* EXERCISE GOAL
Find, in the records below, the line that contains "FUNYUNS Onion Flavored Rings are" and the line that contains "Embellishment: Floral Print,Bows,Pockets,Pleated,Keyhole". Copy those two lines and everything between them exactly, but not the pictures.

* DATA FOR REVIEW
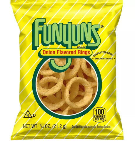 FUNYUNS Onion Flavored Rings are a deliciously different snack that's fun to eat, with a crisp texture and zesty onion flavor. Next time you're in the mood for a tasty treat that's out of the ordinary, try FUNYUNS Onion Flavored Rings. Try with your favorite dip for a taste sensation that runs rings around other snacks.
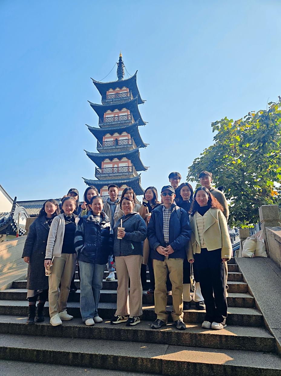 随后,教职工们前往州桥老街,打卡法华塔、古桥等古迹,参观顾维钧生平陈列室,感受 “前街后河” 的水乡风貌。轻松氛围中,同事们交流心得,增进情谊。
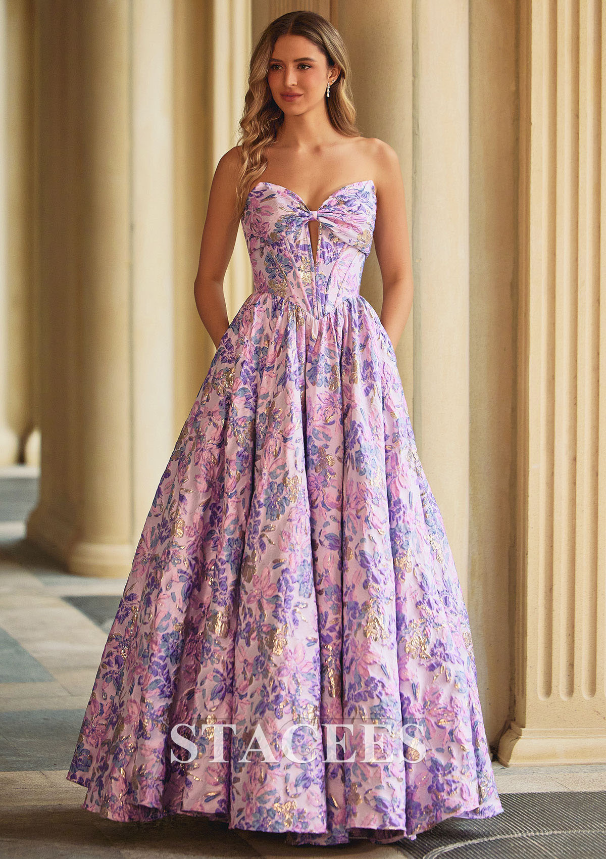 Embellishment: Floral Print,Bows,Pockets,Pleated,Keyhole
...
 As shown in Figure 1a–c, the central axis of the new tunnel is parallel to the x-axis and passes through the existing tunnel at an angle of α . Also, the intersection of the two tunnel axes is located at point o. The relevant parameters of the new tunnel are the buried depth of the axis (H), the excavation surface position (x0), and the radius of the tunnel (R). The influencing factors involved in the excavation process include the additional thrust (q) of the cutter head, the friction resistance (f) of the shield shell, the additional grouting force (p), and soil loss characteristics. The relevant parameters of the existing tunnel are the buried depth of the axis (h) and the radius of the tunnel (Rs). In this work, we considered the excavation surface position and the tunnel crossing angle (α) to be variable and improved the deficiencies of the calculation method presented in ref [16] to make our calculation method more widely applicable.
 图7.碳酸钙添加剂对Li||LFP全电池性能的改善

* RESPONSE TO THIS TASK
 FUNYUNS Onion Flavored Rings are a deliciously different snack that's fun to eat, with a crisp texture and zesty onion flavor. Next time you're in the mood for a tasty treat that's out of the ordinary, try FUNYUNS Onion Flavored Rings. Try with your favorite dip for a taste sensation that runs rings around other snacks.
 随后,教职工们前往州桥老街,打卡法华塔、古桥等古迹,参观顾维钧生平陈列室,感受 “前街后河” 的水乡风貌。轻松氛围中,同事们交流心得,增进情谊。
 Embellishment: Floral Print,Bows,Pockets,Pleated,Keyhole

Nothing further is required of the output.